Re: Error when executing BSPPeer process

Posted by "Edward J. Yoon" <ed...@apache.org>.
Have you tried to increase the number of tasks?

On Sat, Jan 26, 2013 at 2:34 AM, Francisco Sanches
<sa...@gmail.com> wrote:
> Hi
>
> With graphs with up to 15,000 vertices can run. I believe it is a
> quick look at memory saw this being used enough memory swap.
>
> 2013/1/24 Edward J. Yoon <ed...@apache.org>:
>> Have you checked your algorithm with small input? I'm not sure that is
>> a memory issue.
>>
>> On Thu, Jan 24, 2013 at 7:53 PM, Francisco Sanches
>> <sa...@gmail.com> wrote:
>>> Hi thanks for the reply,
>>>
>>> My input is a graph of 35 000 vertices, but my application uses a
>>> vector of 65537 to store the distance.
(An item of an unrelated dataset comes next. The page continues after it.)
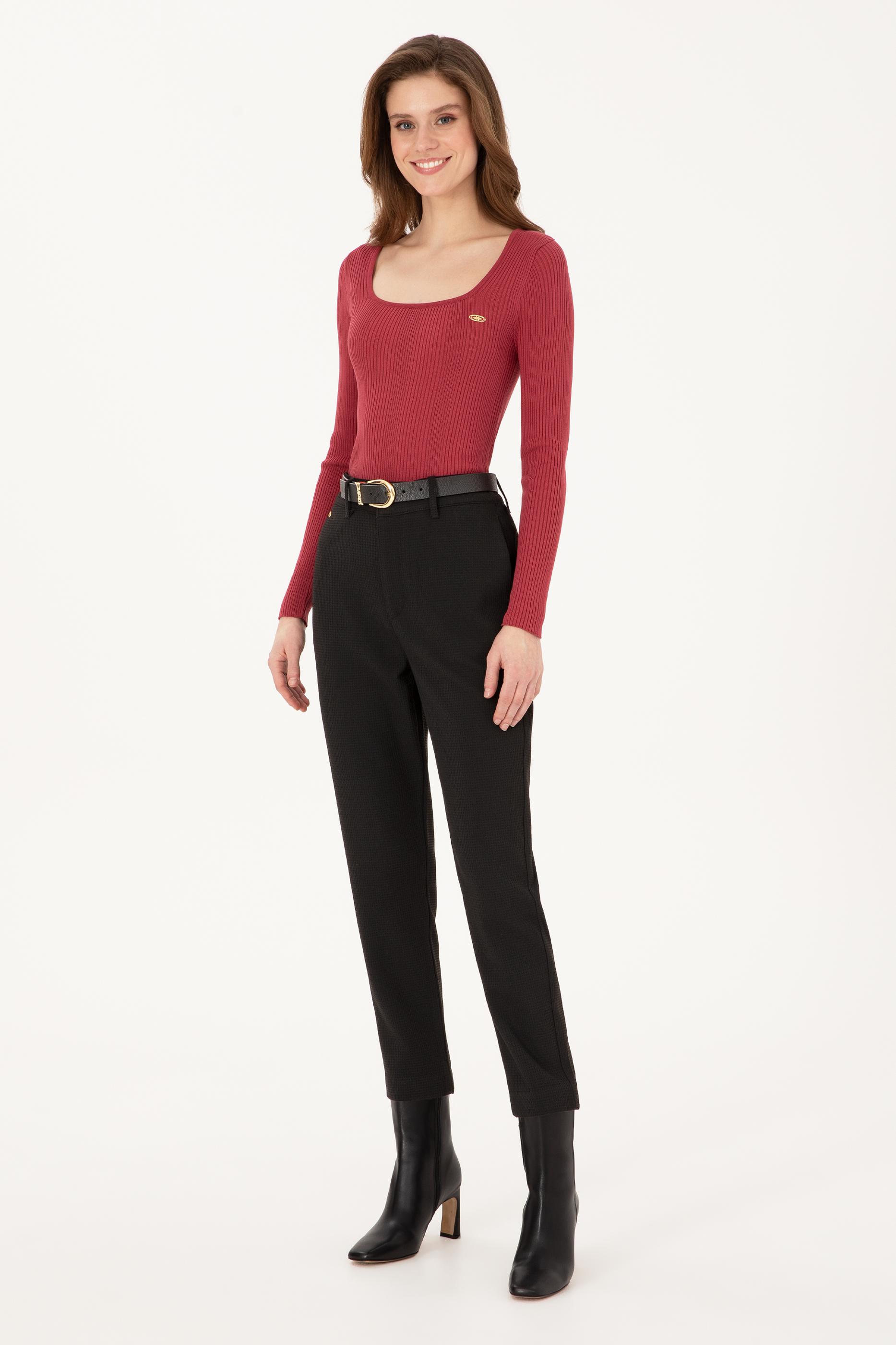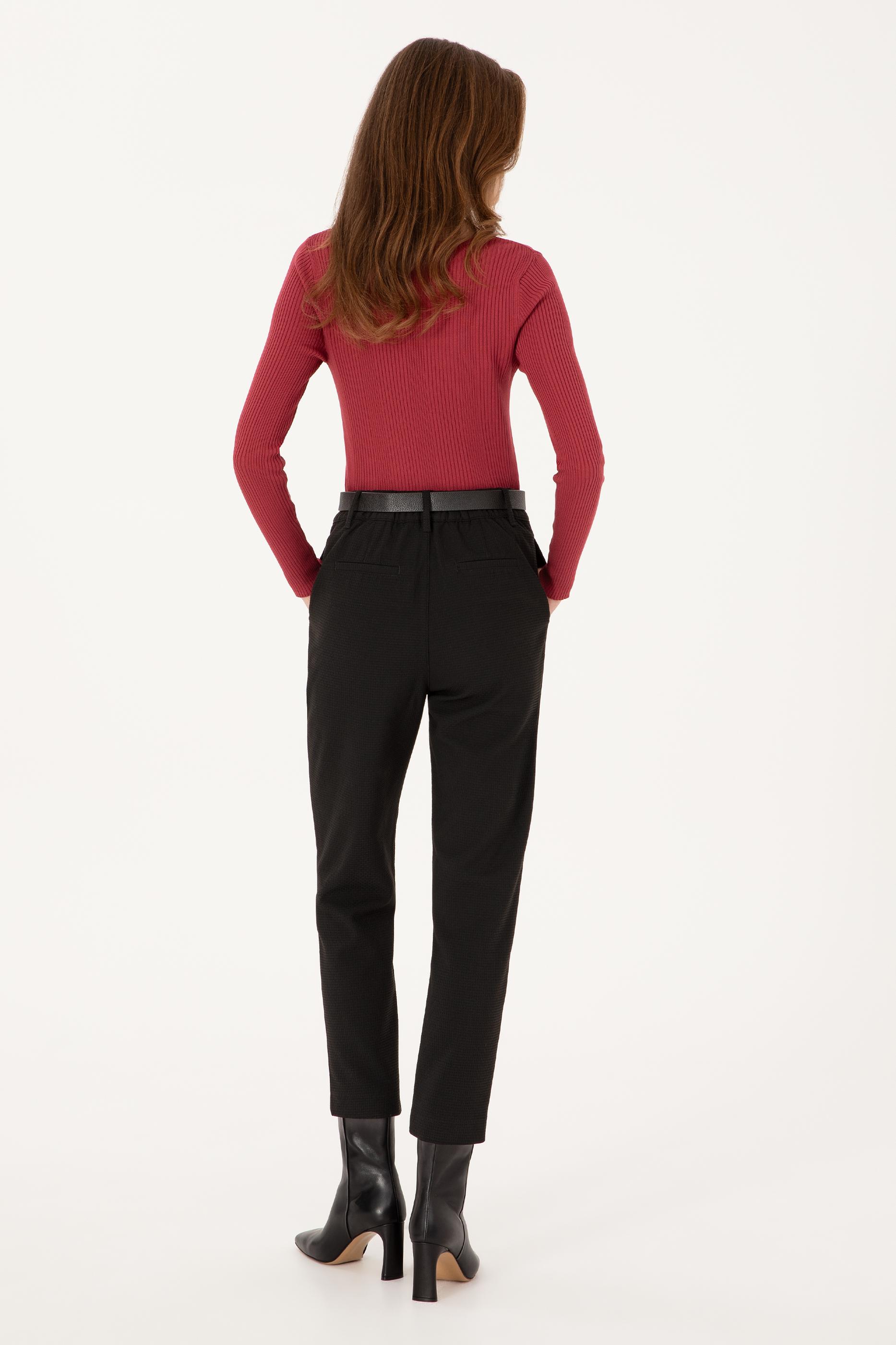 - Kadın Siyah Carrot High Fit Kanvas Pantolon

Each node has a vector with the
>>> number of positions (All-pair).
>>>
>>> 2013/1/24 Edward J. Yoon <ed...@apache.org>:
>>>> Hi,
>>>>
>>>> How large your input data is?
>>>>
>>>> On Tue, Jan 22, 2013 at 11:21 PM, Francisco Sanches
>>>> <sa...@gmail.com> wrote:
>>>>> Hi,
>>>>>
>>>>> When I try to run a larger graph in the application that I developed
>>>>> here first get this message:
>>>>>
>>>>> hduser@node28:/usr/local/hama-trunk$ time bin/hama jar aplic19jan.jar
>>>>> 65537 /hdfs/disco/dados/internet_a /hdfs/disco/outinternet_a 42 30
>>>>> 13/01/22 10:59:14 INFO bsp.FileInputFormat: Total input paths to process : 1
>>>>> 13/01/22 10:59:14 INFO bsp.FileInputFormat: Total input paths to process : 1
>>>>> 13/01/22 10:59:17 INFO bsp.BSPJobClient: Running job: job_201301221058_0002
>>>>> 13/01/22 10:59:20 INFO bsp.BSPJobClient: Current supersteps number: 0
>>>>> 13/01/22 10:59:32 INFO bsp.BSPJobClient: Current supersteps number: 1
>>>>> 13/01/22 10:59:32 INFO bsp.BSPJobClient: The total number of supersteps: 1
>>>>> 13/01/22 10:59:32 INFO bsp.BSPJobClient: Counters: 6
>>>>> 13/01/22 10:59:32 INFO bsp.BSPJobClient:
>>>>> org.apache.hama.bsp.JobInProgress$JobCounter
>>>>> 13/01/22 10:59:32 INFO bsp.BSPJobClient:     SUPERSTEPS=1
>>>>> 13/01/22 10:59:32 INFO bsp.BSPJobClient:     LAUNCHED_TASKS=1
>>>>> 13/01/22 10:59:32 INFO bsp.BSPJobClient:
>>>>> org.apache.hama.bsp.BSPPeerImpl$PeerCounter
>>>>> 13/01/22 10:59:32 INFO bsp.BSPJobClient:     SUPERSTEP_SUM=1
>>>>> 13/01/22 10:59:32 INFO bsp.BSPJobClient:     TIME_IN_SYNC_MS=70
>>>>> 13/01/22 10:59:32 INFO bsp.BSPJobClient:     IO_BYTES_READ=3467587
>>>>> 13/01/22 10:59:32 INFO bsp.BSPJobClient:     TASK_INPUT_RECORDS=42089
>>>>> 13/01/22 10:59:32 INFO bsp.FileInputFormat: Total input paths to process : 42
>>>>> 13/01/22 10:59:35 INFO bsp.BSPJobClient: Running job: job_201301221058_0001
>>>>> 13/01/22 10:59:38 INFO bsp.BSPJobClient: Current supersteps number: 0
>>>>> 13/01/22 11:00:38 INFO bsp.BSPJobClient: Current supersteps number: 1
>>>>> attempt_201301221058_0001_000001_0: SLF4J: Class path contains
>>>>> multiple SLF4J bindings.
>>>>> attempt_201301221058_0001_000001_0: SLF4J: Found binding in
>>>>> [jar:file:/usr/local/hama-trunk/lib/slf4j-log4j12-1.5.8.jar!/org/slf4j/impl/StaticLoggerBinder.class]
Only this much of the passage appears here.